● **Exercise details**
Restate the full listing word for word; images stay out of it.

● **Data segment**
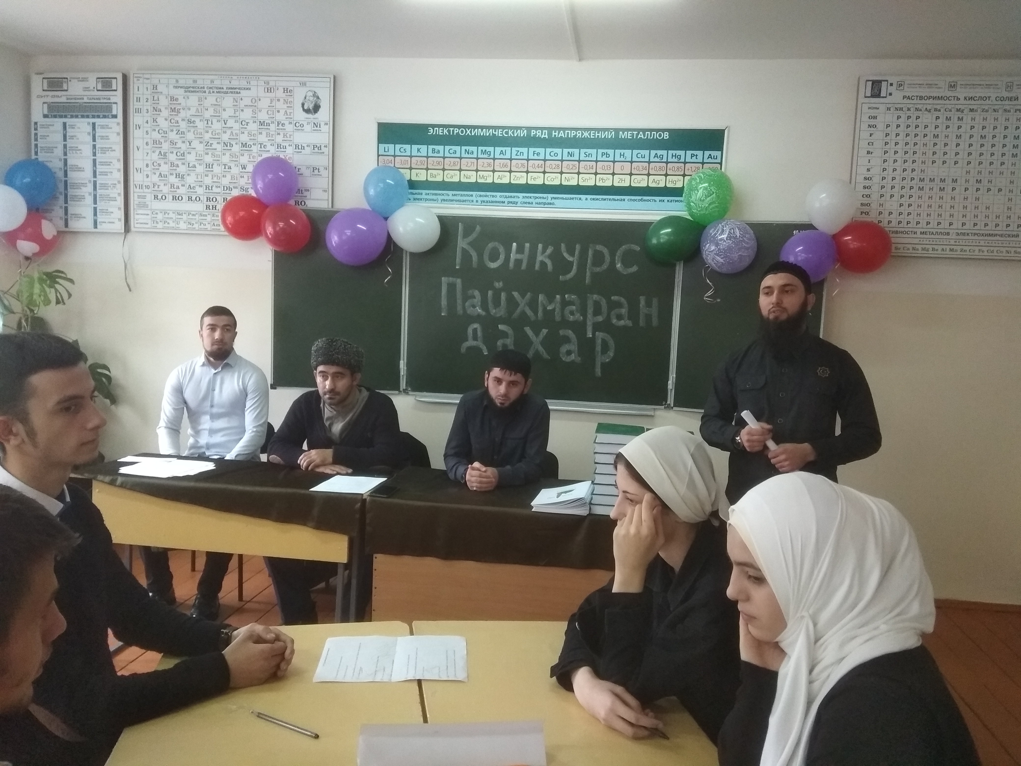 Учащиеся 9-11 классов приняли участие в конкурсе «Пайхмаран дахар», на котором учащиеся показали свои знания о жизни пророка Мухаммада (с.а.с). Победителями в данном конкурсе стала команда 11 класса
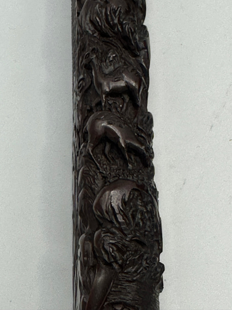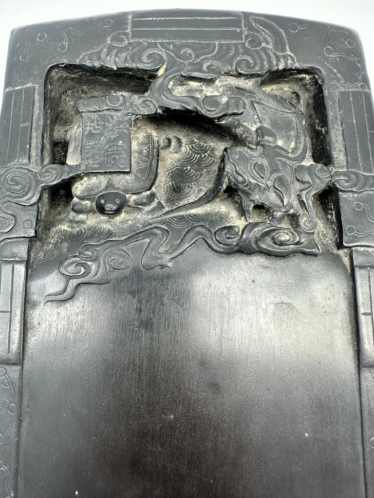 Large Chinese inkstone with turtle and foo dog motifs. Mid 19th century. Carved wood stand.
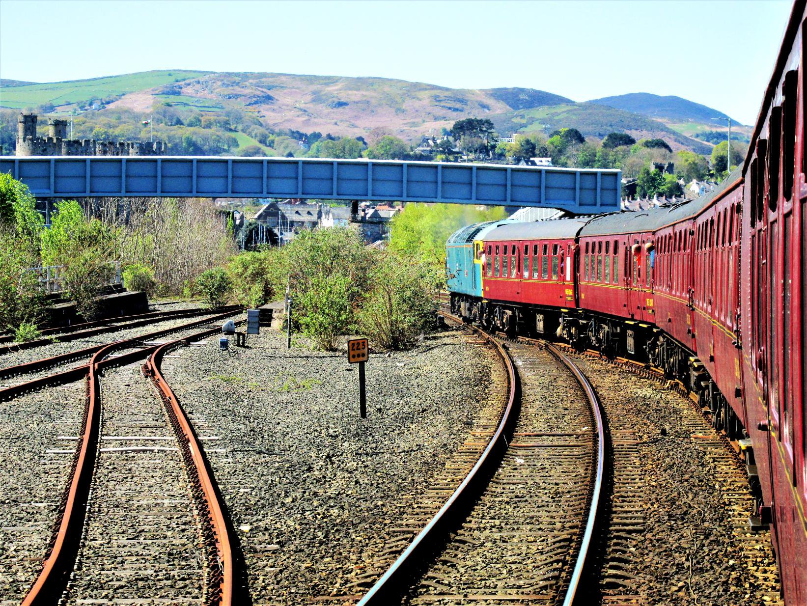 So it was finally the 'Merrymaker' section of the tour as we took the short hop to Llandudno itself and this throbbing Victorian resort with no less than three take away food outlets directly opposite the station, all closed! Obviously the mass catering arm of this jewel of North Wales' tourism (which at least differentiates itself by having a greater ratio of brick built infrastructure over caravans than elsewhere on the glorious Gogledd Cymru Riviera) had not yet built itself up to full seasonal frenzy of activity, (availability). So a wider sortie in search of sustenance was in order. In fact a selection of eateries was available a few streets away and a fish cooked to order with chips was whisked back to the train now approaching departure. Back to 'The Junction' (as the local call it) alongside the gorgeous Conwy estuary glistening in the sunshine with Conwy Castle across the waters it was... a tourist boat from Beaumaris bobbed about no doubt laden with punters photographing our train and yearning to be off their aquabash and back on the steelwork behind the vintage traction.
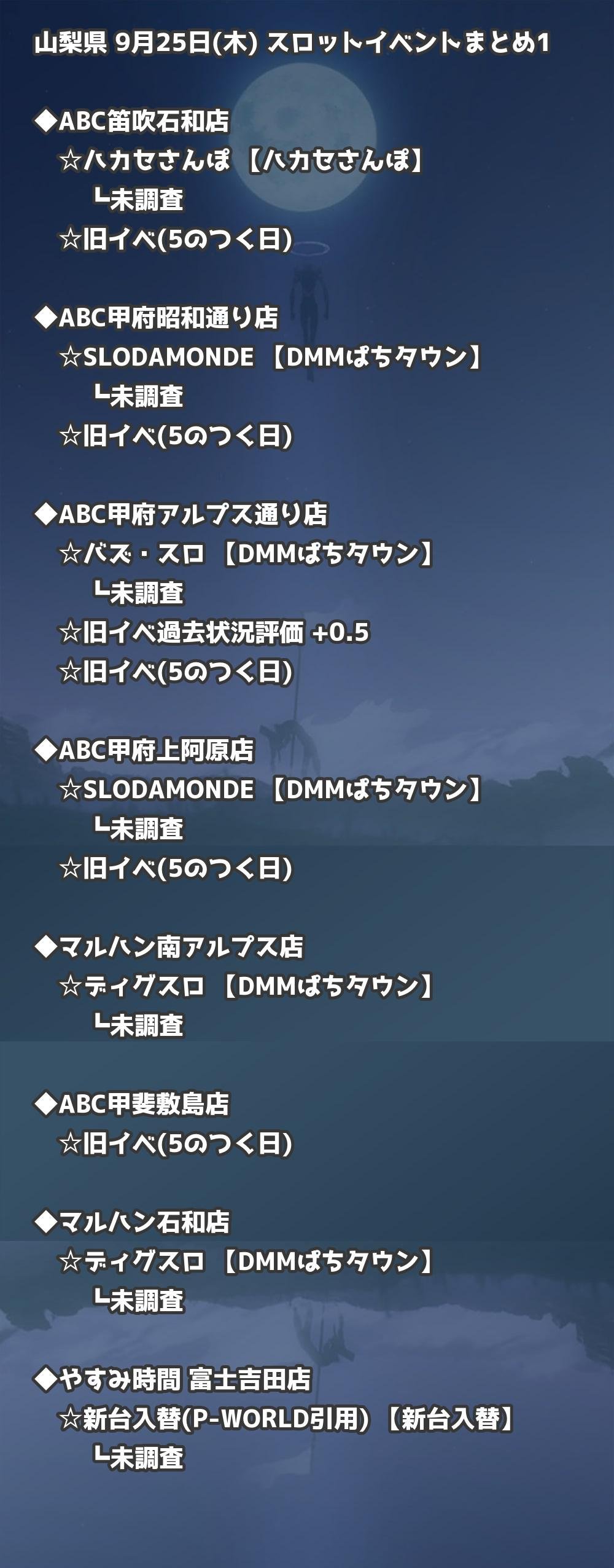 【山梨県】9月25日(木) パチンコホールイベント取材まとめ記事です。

● **Result for this exercise**
 Учащиеся 9-11 классов приняли участие в конкурсе «Пайхмаран дахар», на котором учащиеся показали свои знания о жизни пророка Мухаммада (с.а.с). Победителями в данном конкурсе стала команда 11 класса
 Large Chinese inkstone with turtle and foo dog motifs. Mid 19th century. Carved wood stand.
 So it was finally the 'Merrymaker' section of the tour as we took the short hop to Llandudno itself and this throbbing Victorian resort with no less than three take away food outlets directly opposite the station, all closed! Obviously the mass catering arm of this jewel of North Wales' tourism (which at least differentiates itself by having a greater ratio of brick built infrastructure over caravans than elsewhere on the glorious Gogledd Cymru Riviera) had not yet built itself up to full seasonal frenzy of activity, (availability). So a wider sortie in search of sustenance was in order. In fact a selection of eateries was available a few streets away and a fish cooked to order with chips was whisked back to the train now approaching departure. Back to 'The Junction' (as the local call it) alongside the gorgeous Conwy estuary glistening in the sunshine with Conwy Castle across the waters it was... a tourist boat from Beaumaris bobbed about no doubt laden with punters photographing our train and yearning to be off their aquabash and back on the steelwork behind the vintage traction.
 【山梨県】9月25日(木) パチンコホールイベント取材まとめ記事です。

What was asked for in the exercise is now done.